Denn um wettbewerbsfähig zu bleiben, muss dein IT-Team einen stabilen sowie zuverlässigen Service anbieten und gleichzeitig regelmäßige Updates bereitstellen. Auch wenn Stabilität und Zuverlässigkeit eine gewisse Konstanz benötigen, bringt Wachstum neue Veränderungen mit sich. Also stehen diese beiden Ziele häufig im Widerspruch. Hierfür schafft ein ausgereiftes IT-Change-Management Abhilfe, in dem es Unternehmen auf beiden Seiten unterstützt.
Im Grunde hat das IT-Change-Management zwei wichtige Funktionen: Auf der einen Seite dient es als Leitfaden für die Implementierung wichtiger Changes im Unternehmen. Auf der anderen Seite reduziert es dadurch kostenaufwändige Serviceunterbrechungen. Dadurch können Unternehmen wie folgt profitieren:
Allgemein können somit die gesamten Change-Prozesse optimiert werden, wodurch Serviceausfälle minimiert werden und dem Endbenutzer schneller einen Mehrwert bereitgestellt werden kann.
Generell ist das ITIL (Information Technology Infrastructure Library) ein beliebtes Framework für das IT-Service-Management (ITSM) und wird in nahezu jeder Branche angewendet.

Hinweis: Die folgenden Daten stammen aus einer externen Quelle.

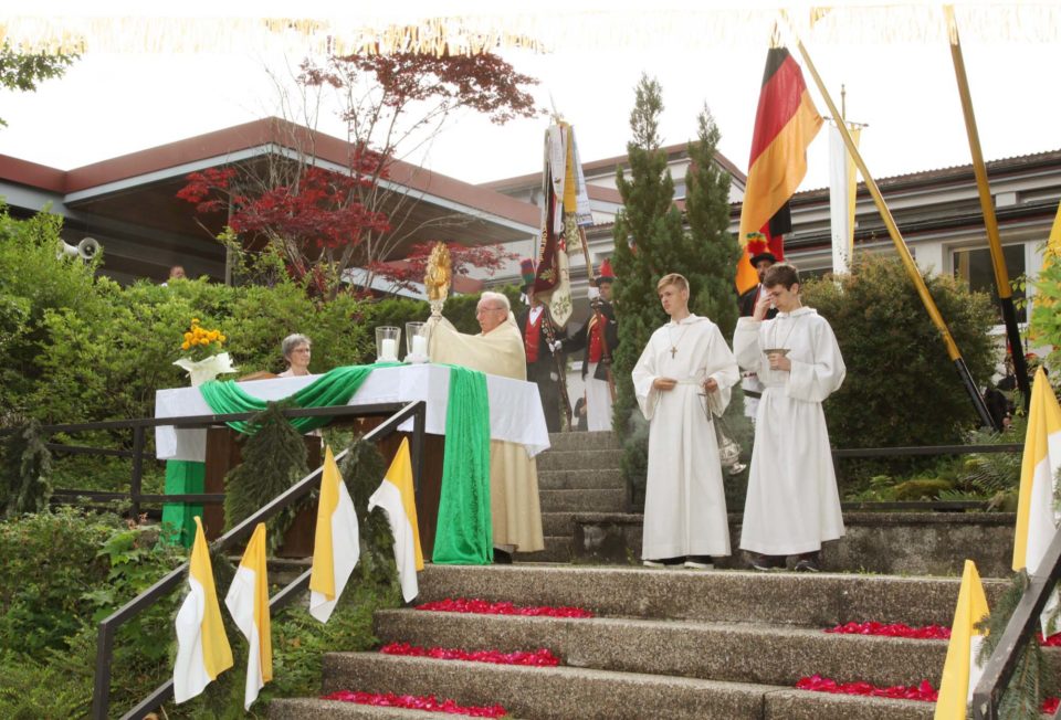 Traditionell prägte religiöses Brauchtum die Fronleichnamsprozession der Oberharmersbacher Pfarrei St. Gallus. Die Traditionsvereine in ihren farbenprächtigen Uniformen und der gezierte Prozessionsweg sind feste Bestandteile dieses kirchlichen Festtages.
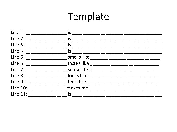 Your turn! Write a Color poem: • Pick a color: pink, red, yellow, black, etc. • Follow the template on the previous slide • Think of how your color is experienced with your senses. • Add a prepositional phrase to each line. • Ex. Red sounds like a fire engine. (Nope) • Ex. Red sounds like a fire engine racing down the street. (YES!)
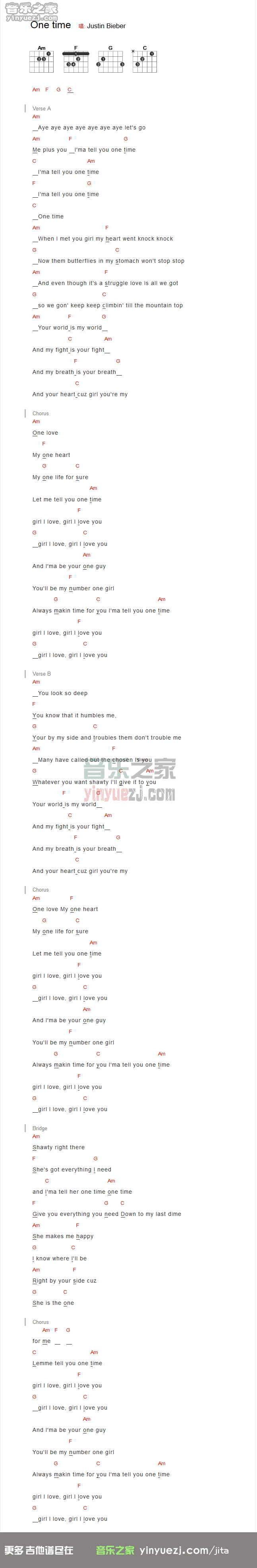 韩国乐队C.N.Blue《onetime》吉他谱,YYZJ编配出品,共有1张高清图谱,免翻页排版设计。...

Mithilfe dieses Framework kann die Standardisierung des Lebenszyklus von IT‑Services innerhalb eines Unternehmens aufgebaut werden. Dabei kann ITIL die Vorhersagbarkeit und Effizienz bei der Serviceauswahl sowie Bereitstellung steigern. Im gleichen Zug können dadurch Serviceverwaltung und Wartungsarbeiten erfolgreich gemanagt werden. Im Laufe der Zeit wird das Framework fortlaufend weiterentwickelt, aktuell arbeitet man mit der ITIL 4 Version.
Der IT-Change-Management-Prozess beginnt mit dem Request-for-Change (RfC), einem Änderungsantrag, der alle nachfolgenden Aktivitäten dokumentiert. In der nächsten Phase werden alle relevanten Informationen für den Change gesammelt und bewertet. Anschließend erfolgt die Überwachung und Planung, bei der ein Zeitplan mit Meilensteinen erstellt wird. Nach der Genehmigung des Changes wird er an die zuständigen Teams übergeben, die ein Testmodell entwickeln, um die Servicequalität zu gewährleisten. Nach erfolgreicher Testphase wird die Implementierung freigegeben. In der Implementierungsphase erfolgt die Umsetzung des geplanten Changes unter Koordination der beteiligten Teams. Schließlich wird der Change ausgewertet, um festzustellen, ob die gesetzten Ziele erreicht wurden und ob Optimierungsbedarf besteht.
Typischerweise wird der gesamte Prozess von einem Change Manager koordiniert, der von einem Change Advisory Board unterstützt wird. Die beiden Parteien treffen sich spätestens alle 20 Tage, um die Fortschritte des IT-Change-Management-Projektes zu bewerten.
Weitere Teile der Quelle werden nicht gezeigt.